CH. IV. -- Gil Blas becomes a favourite with the Duke of Lerma, and the confidant of an important secret.
THOUGH his grace's interviews with me were short as the fleeting visions of supernatural communication, my turn and character won its way gradually into his excellency's good liking. One day after dinner, he said: Attend to me, Gil Blas. I really like you very muck You are a zealous, confidential lad, full of understanding and discretion. My trust cannot be misplaced in such hands. I threw myself at his feet, at the music of these words; and kissing his outstretched hand, answered thus: Is it possible that your excellency can think so favourably of your servant? What a host of enemies will such a preference conjure up against me! But Don Rodrigo is the only man whose privy grudge is formidable enough to alarm me.
You have nothing to fear from that quarter, replied the duke. I know Calderona. He has loved me from his cradle. Every movement of his heart is in unison with mine. He cherishes whatever I love, and hates in exact proportion to my dislike. So far from being alarmed at his ill-will, you ought, on the contrary, to hug yourself on his peculiar partiality. This let me at once into the abysses of Don Rodrigo's character. He shuffled and cut the cards to his own deal, and paid his debts of honour out of his excellency's pool. One could not be too wary with this gentleman.
To begin, pursued the duke, with a proof my thorough reliance on your faith, I will open to you a long-projected design. It is necessary for you to be informed of it, to qualify you for the commissions with which I shall hereafter have occasion to intrust to you. For a great length of time have I beheld my authority universally respected, my decisions implicitly adopted, places, pensions, governments, vice-royalties, and church preferments all awaiting my disposal. Without umbrage to my royal master, I may be said to be absolute in Spain. My individual fortunes can be pushed no higher. But I would willingly fix firm the structure I have raised; for the storms are already beginning to beat about the citadel of my peace. My only safety must consist in nominating my nephew, the Count de Lemos, as my successor in the ministry.

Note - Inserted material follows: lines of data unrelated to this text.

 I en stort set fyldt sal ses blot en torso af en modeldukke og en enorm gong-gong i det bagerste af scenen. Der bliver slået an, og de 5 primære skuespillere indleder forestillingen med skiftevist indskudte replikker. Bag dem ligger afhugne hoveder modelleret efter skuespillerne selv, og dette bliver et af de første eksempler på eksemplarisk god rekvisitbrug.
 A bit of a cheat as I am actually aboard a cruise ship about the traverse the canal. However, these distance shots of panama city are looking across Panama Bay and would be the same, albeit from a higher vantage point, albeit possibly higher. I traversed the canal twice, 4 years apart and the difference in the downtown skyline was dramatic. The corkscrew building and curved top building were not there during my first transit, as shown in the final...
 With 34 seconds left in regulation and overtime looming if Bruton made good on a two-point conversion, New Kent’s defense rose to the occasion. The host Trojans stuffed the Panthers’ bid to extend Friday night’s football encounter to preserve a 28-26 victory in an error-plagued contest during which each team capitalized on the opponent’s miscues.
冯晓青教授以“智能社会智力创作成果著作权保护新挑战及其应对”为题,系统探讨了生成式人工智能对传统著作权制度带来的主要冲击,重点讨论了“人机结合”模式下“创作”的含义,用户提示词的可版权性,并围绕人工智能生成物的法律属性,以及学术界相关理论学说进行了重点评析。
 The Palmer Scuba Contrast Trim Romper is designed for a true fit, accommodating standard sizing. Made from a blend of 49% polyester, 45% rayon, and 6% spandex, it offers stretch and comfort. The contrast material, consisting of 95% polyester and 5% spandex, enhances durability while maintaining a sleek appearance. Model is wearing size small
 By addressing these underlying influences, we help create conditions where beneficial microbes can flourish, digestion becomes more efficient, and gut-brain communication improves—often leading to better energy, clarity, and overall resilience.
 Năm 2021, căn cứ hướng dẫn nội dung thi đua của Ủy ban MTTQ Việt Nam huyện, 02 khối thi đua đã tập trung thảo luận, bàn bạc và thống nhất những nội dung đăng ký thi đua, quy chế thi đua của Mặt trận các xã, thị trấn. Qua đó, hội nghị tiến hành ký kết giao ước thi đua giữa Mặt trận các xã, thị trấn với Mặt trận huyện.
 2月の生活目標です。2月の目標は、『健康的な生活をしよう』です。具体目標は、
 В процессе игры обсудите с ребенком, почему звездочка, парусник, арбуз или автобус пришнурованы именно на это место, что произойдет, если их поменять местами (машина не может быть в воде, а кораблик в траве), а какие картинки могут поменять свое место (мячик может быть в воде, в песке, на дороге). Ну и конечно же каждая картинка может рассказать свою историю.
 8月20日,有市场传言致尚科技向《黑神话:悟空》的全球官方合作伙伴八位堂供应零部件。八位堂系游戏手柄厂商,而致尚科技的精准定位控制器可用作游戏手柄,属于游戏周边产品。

This profound courtier, observing my astonishment, went on thus. I see plainly, Santillane, I see plainly what surprises you. It seems strange and unaccountable that I should prefer my nephew to my own son, the Duke d'Uzeda. But you are to learn that this last has too narrow a genius to fill up my place in politics; and there are other reasons why I set my face against him. He has found out the secret of making himself agreeable to the king, who wants him for his interior cabinet; and back-stairs influence is what I cannot bear. Royal favour is a sort of political mistress; exclusive possession is its only charm. The very existence of the passion is identified with inextinguishable jealousy; nor can we the better endure to share the bliss, because our rival has been nursed in our own bosom.

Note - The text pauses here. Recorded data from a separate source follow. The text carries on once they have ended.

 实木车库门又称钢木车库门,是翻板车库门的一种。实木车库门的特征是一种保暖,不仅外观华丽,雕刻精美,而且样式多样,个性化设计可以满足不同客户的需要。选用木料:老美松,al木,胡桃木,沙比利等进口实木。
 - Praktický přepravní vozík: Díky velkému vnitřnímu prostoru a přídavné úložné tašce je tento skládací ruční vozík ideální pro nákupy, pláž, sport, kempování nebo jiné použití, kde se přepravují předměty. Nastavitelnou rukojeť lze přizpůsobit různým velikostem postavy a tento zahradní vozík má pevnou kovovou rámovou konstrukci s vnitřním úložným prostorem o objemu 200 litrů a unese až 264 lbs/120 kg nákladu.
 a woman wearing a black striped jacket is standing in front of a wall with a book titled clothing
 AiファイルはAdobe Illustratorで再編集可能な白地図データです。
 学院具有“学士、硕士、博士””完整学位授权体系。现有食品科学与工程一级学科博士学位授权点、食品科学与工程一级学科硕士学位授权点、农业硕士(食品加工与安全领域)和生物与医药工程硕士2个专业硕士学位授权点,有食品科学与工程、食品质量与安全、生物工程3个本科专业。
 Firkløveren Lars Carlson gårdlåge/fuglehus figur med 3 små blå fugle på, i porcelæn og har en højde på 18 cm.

Thus do I lay bare the very recesses of my soul. I have already tried to ruin the Duke d'Uzeda with the king; but having failed, am pointing my artillery towards another object. I am determined that the Count de Lemos shall stand first with the Prince of Spain. Being gentleman of his bedchamber, he has opportunities of talking with him continually; and, besides that he has a winning manner with him, I know a sure method of enabling him to succeed in his enterprise. By this device, my nephew will be pitted against my son. The cousins harbouring unfavourable suspicions of each other, will both be forced to place themselves under my protection; and the necessity of the case will render them submissive to my will. This is my project; nor will your assistance be of slender avail to its success. It is you whom I shall make the private channel of communication between the Count de Lemos and myself.
After this confidence, which sounded for all the world like the clink of current coin, my mind was easy about the future. At length, said I, behold me taking shelter under Plutus's gutter; the golden shower may drench me to the skin, before I shall cry hold, enough! It is impossible that the bosom friend of a man, by whom the whole music of the political machine is tempered, should be left to thrum upon the discord of poverty. Full of these harmonious visions, my fifths and octaves were but little untuned by the sensible declension of my purse.